Time and again, I’ve seen this dynamic played out, and it was performed to perfection on Sunday. When the Chiefs went into their locker room, they could point to exactly what wasn’t working: they were not containing the Eagles’ quarterback Jalen Hurts. The numbers said it all. In the first half, Hurts broke former Titans quarterback Steve McNair’s 23-year-old Super Bowl record for the most yards rushing by a quarterback in a half by running for 63 yards. Hurts set another Super Bowl record by running for two touchdowns in the first half.

And that is what the Kansas City Chiefs’ players and coaching staff tackled beneath the stands while everyone cheered on Rihanna: how to adjust their game — with special attention on their defense — to stop the peripatetic Hurts from running all over them.

And what kind of adjustment did they effect in so short a time? On the defensive side, the Chiefs became more disciplined in every facet of the game, but especially in having players play “in their lanes” rather than allowing themselves to be pulled out or position.

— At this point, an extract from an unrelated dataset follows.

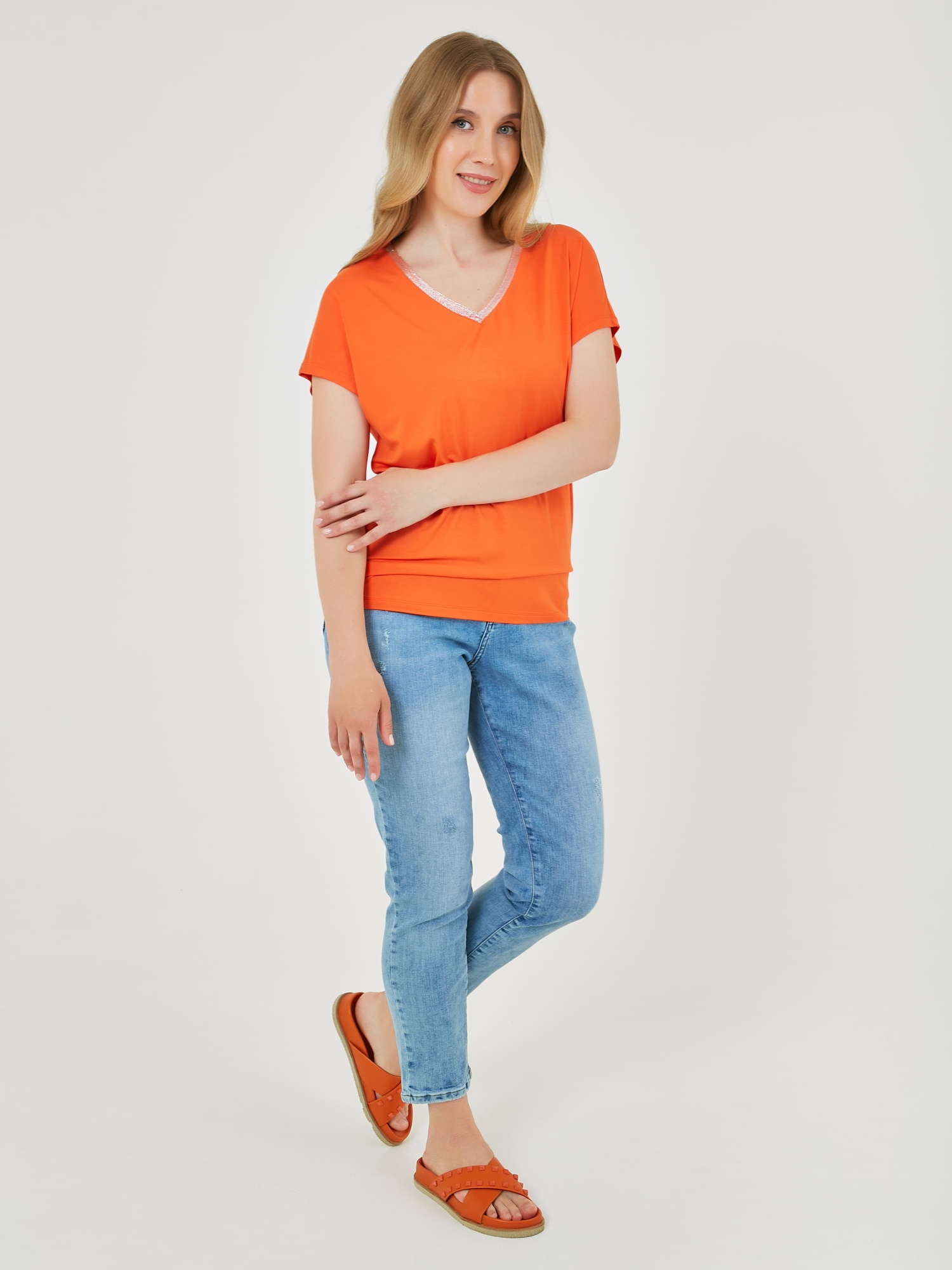 Яркая футболка с V-образным блестящим вырезом и свободным кроем. Коллекция Весна-Лето 2025. Капсула "Санторини". Параметры модели: 89-70-92, рост 167, размер 44-46

The added discipline produced the intended effect by containing Hurts in the pocket to such an extent that he managed to finish the game with only seven more yards than he had by the half.

The Chiefs’ new discipline had broken the spell the Eagles, particularly Hurts, seemed to have them under in the first half because the Chiefs fixed the problem. (Nothing demoralizes a defense more than a quarterback who scrambles at will on them.) Football includes an offense as well as defense, and the commitment the players made to double down on discipline — all puns intended! — galvanized the Mahomes-led offense to hold up their end of the deal, which they did by scoring 24 points after the break.

Indeed, while Hurts was the guy who broke the records, Mahomes is the guy who will soon be getting fitted for his second Championship ring, having registered 182 yards passing and three touchdowns, as well as his own 44 hard-earned rushing yards — a feat all the more impressive considering the blow he took to his injured ankle in the first half.

Comparisons have been made between the Chiefs’ come-from-behind victory and that of the Tom Brady-led New England Patriots who erased a 28-3 deficit to emerge victorious by beating the Atlanta Falcons 34–28 in Super Bowl LI. And, for that matter, comparisons are being made between Mahomes and Brady as well.

After that Patriot comeback, Brady said “So anytime we’re down in a game, I think, ‘Man, if we come back and win this game, we’re the hero,’ rather than, ‘Oh, (expletive), we’re screwed. We have no shot.’”

On Sunday, the Chiefs spent their halftime figuring out what they needed to do differently to win the game and create the shots they didn’t get in the first half. And who knows, maybe one of the songs Rihanna did not sing during halftime — her “Lift Me Up” from the soundtrack to “Black Panther” — found a way to stream itself subliminally in the Chiefs’ minds?

On Sunday, the Chiefs found the way to lift themselves up. And now they’re the heroes.